**Work required**
Once you find the line with "本日の給食は、みそラーメン・中華和え・ぶどうゼリー・牛乳です。" in the listing below, please repeat it and every later line exactly, through the last one, without pictures.

**Information shown**
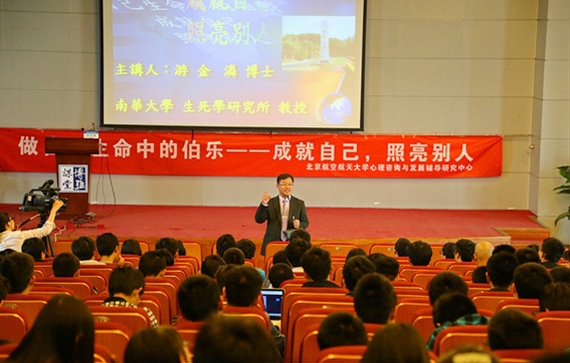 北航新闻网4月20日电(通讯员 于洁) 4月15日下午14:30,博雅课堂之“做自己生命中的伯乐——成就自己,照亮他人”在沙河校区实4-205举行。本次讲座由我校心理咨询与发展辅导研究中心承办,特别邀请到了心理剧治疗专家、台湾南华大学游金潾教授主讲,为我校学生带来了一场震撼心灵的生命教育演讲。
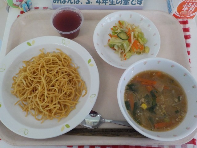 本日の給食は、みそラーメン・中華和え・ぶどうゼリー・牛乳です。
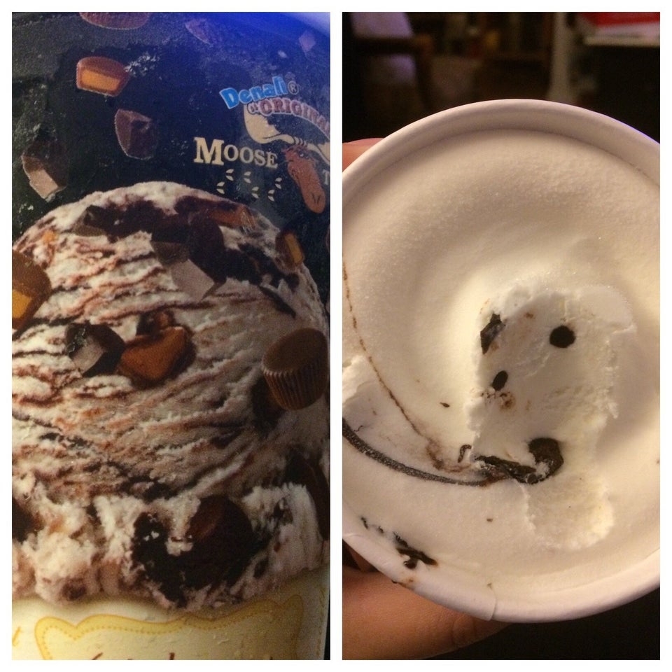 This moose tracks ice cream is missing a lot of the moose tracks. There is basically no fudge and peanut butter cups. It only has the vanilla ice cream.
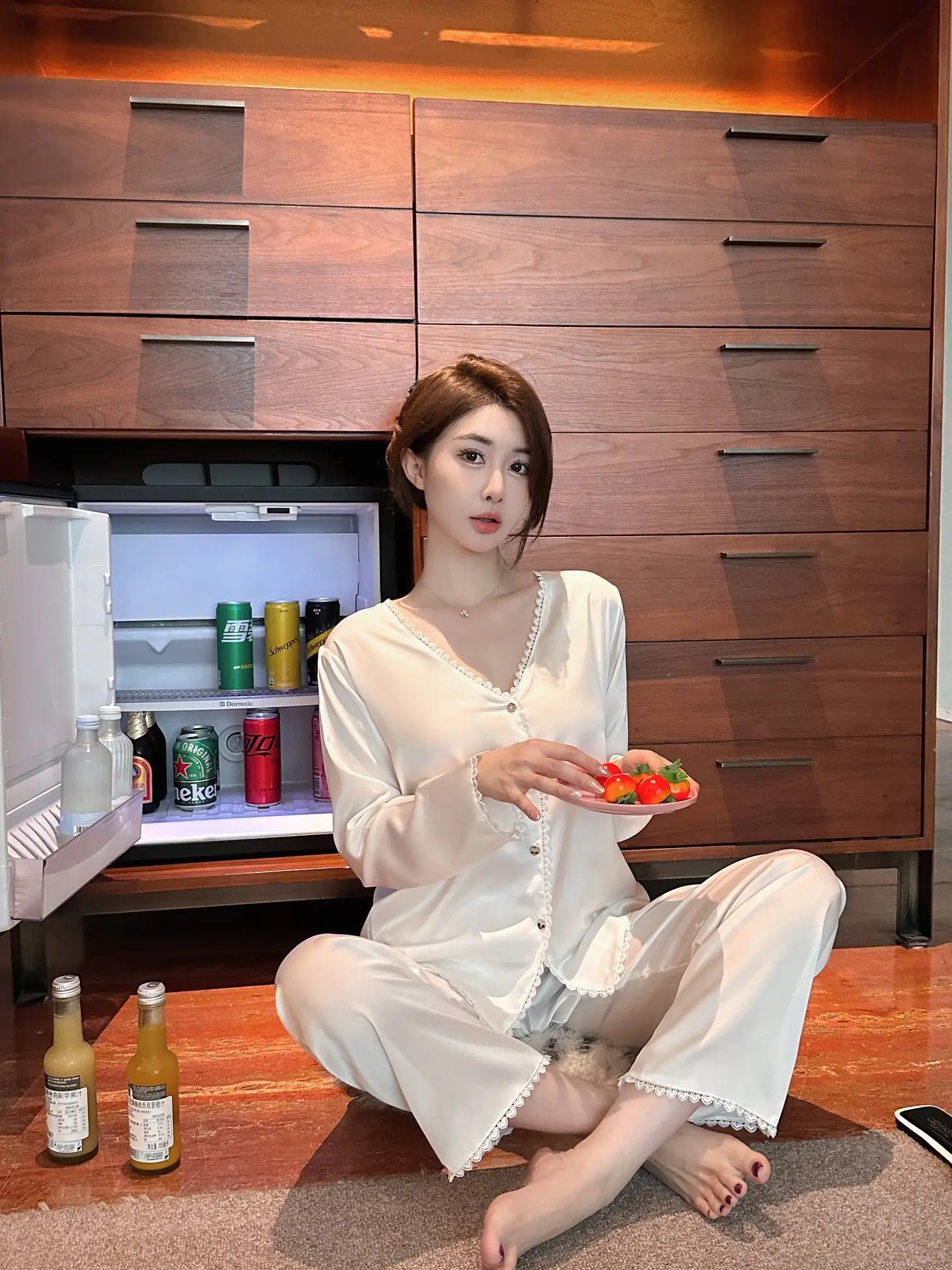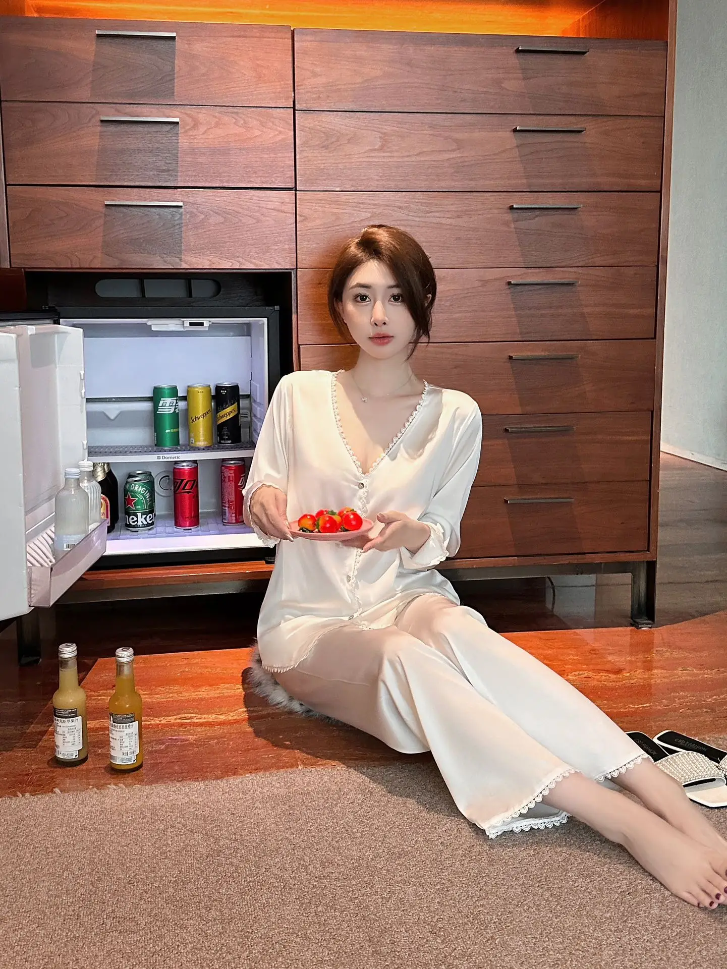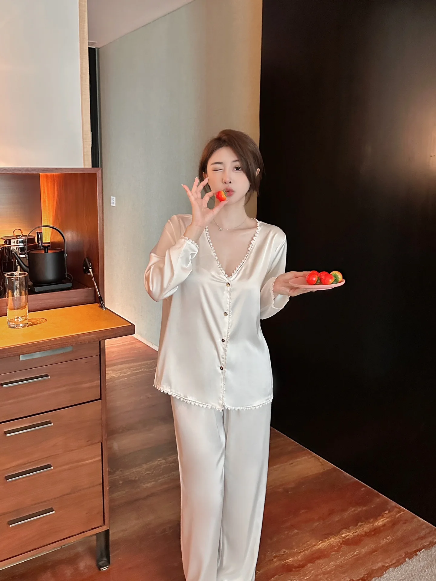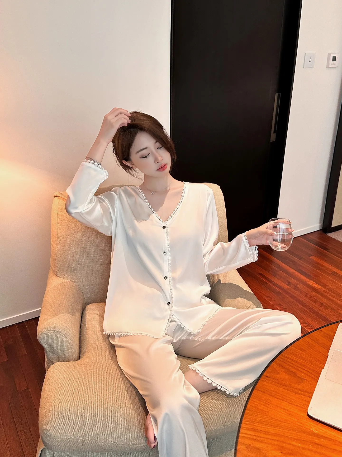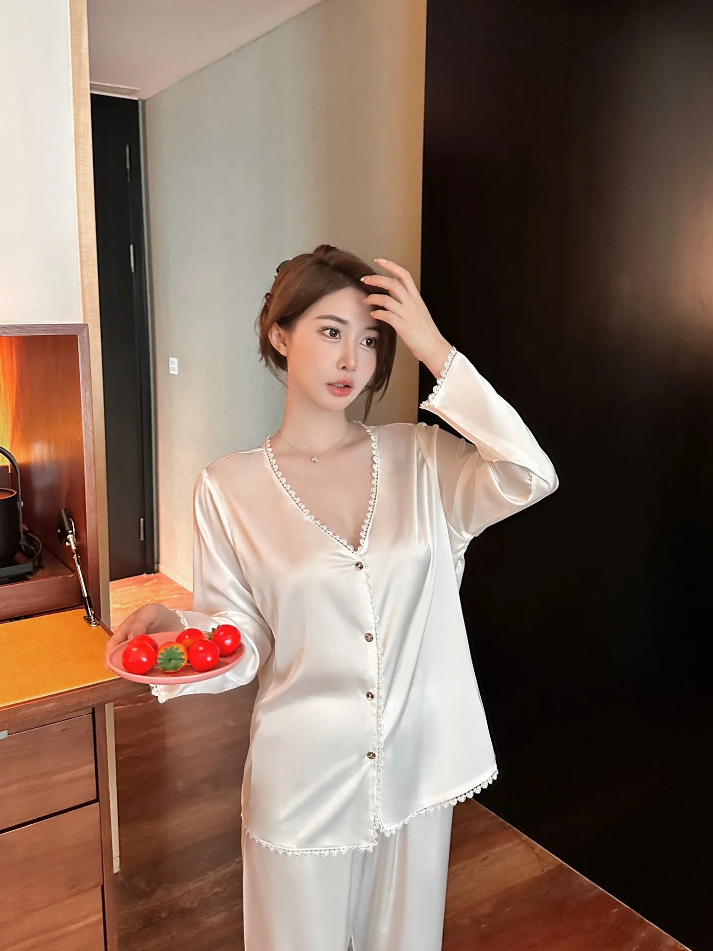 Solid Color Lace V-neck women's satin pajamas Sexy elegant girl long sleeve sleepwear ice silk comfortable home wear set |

**Response area**
 本日の給食は、みそラーメン・中華和え・ぶどうゼリー・牛乳です。
 This moose tracks ice cream is missing a lot of the moose tracks. There is basically no fudge and peanut butter cups. It only has the vanilla ice cream.
 Solid Color Lace V-neck women's satin pajamas Sexy elegant girl long sleeve sleepwear ice silk comfortable home wear set |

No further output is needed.